▶ Your goal: Leave the pictures in the listing below aside and reproduce exactly the lines starting with the one with "CRUSH AND MINCE" and going on through the one with "Bebida elaborada a", both ends included.

Records shown section start

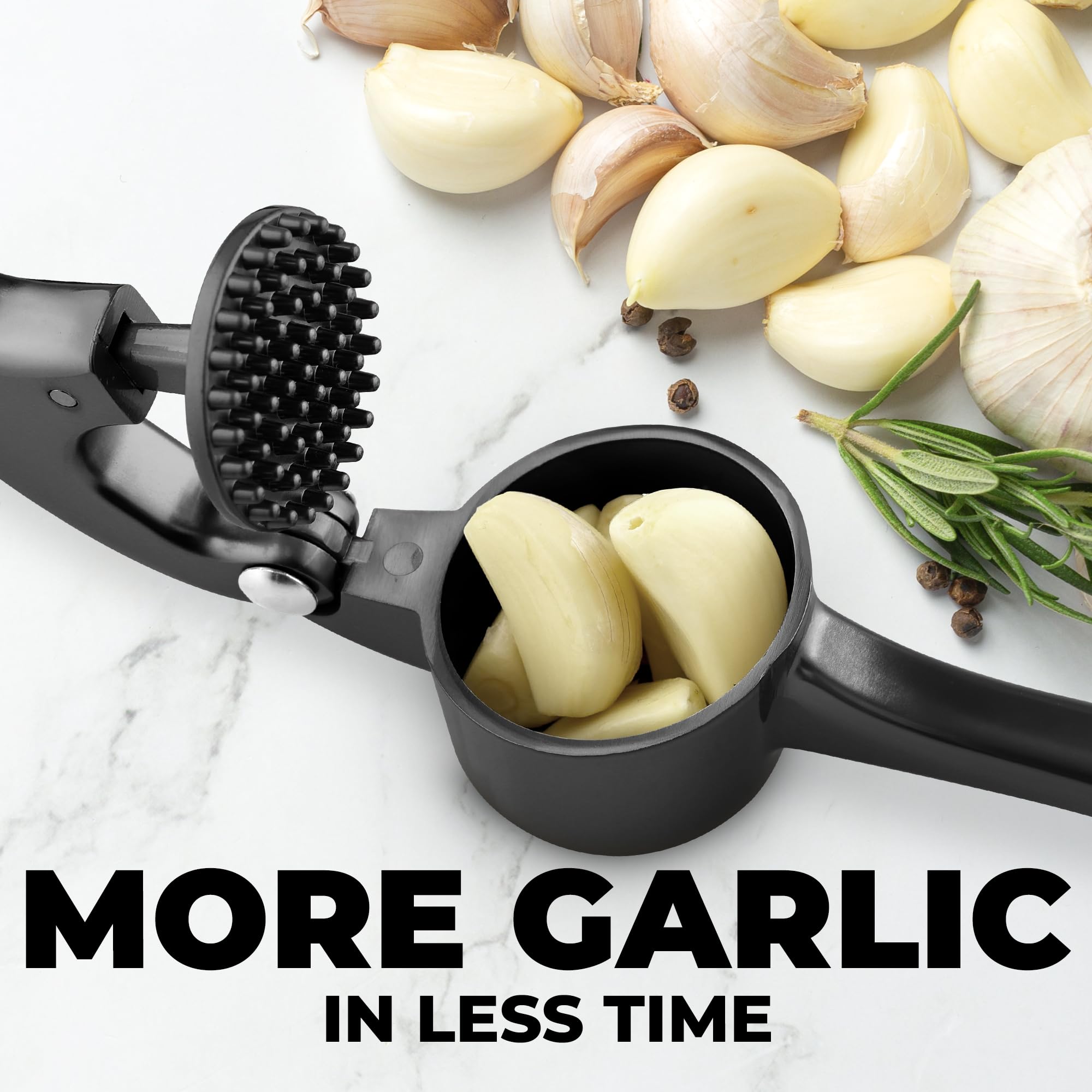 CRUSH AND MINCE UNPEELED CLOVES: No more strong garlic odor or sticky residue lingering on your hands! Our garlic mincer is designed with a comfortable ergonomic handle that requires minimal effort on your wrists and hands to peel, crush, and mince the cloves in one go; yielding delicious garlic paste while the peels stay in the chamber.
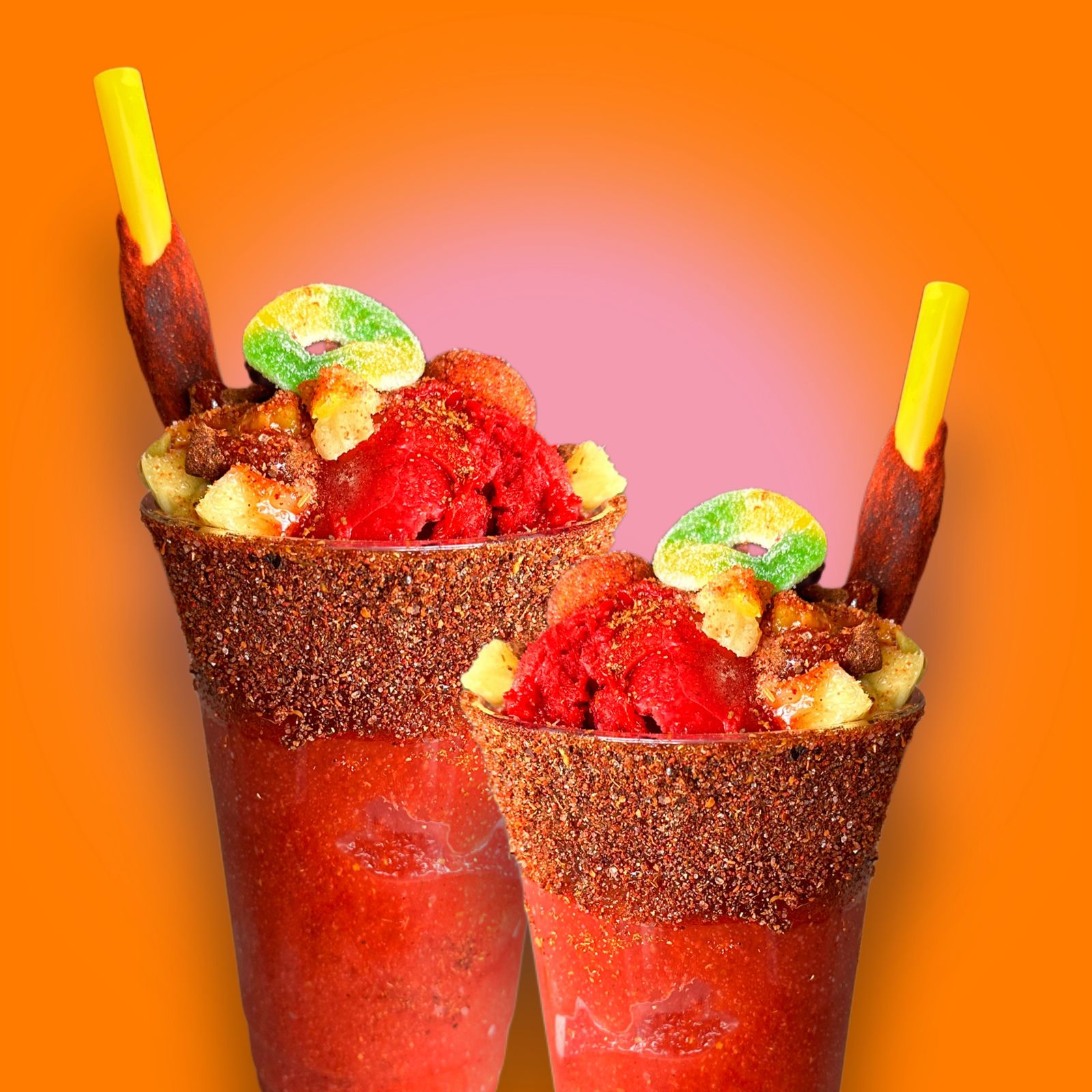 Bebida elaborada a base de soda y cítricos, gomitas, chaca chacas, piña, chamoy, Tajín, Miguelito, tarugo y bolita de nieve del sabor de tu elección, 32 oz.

Records shown section end
Records shown section start

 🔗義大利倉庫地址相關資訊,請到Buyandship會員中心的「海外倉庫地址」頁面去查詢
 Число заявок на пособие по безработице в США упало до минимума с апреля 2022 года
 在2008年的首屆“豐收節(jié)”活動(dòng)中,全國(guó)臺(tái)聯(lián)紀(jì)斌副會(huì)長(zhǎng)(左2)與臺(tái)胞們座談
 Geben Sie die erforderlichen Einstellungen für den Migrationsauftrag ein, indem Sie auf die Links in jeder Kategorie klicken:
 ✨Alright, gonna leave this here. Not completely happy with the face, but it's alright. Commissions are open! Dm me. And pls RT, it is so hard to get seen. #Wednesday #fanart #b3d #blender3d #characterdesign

Records shown section end

▶ Written answer:
 CRUSH AND MINCE UNPEELED CLOVES: No more strong garlic odor or sticky residue lingering on your hands! Our garlic mincer is designed with a comfortable ergonomic handle that requires minimal effort on your wrists and hands to peel, crush, and mince the cloves in one go; yielding delicious garlic paste while the peels stay in the chamber.
 Bebida elaborada a base de soda y cítricos, gomitas, chaca chacas, piña, chamoy, Tajín, Miguelito, tarugo y bolita de nieve del sabor de tu elección, 32 oz.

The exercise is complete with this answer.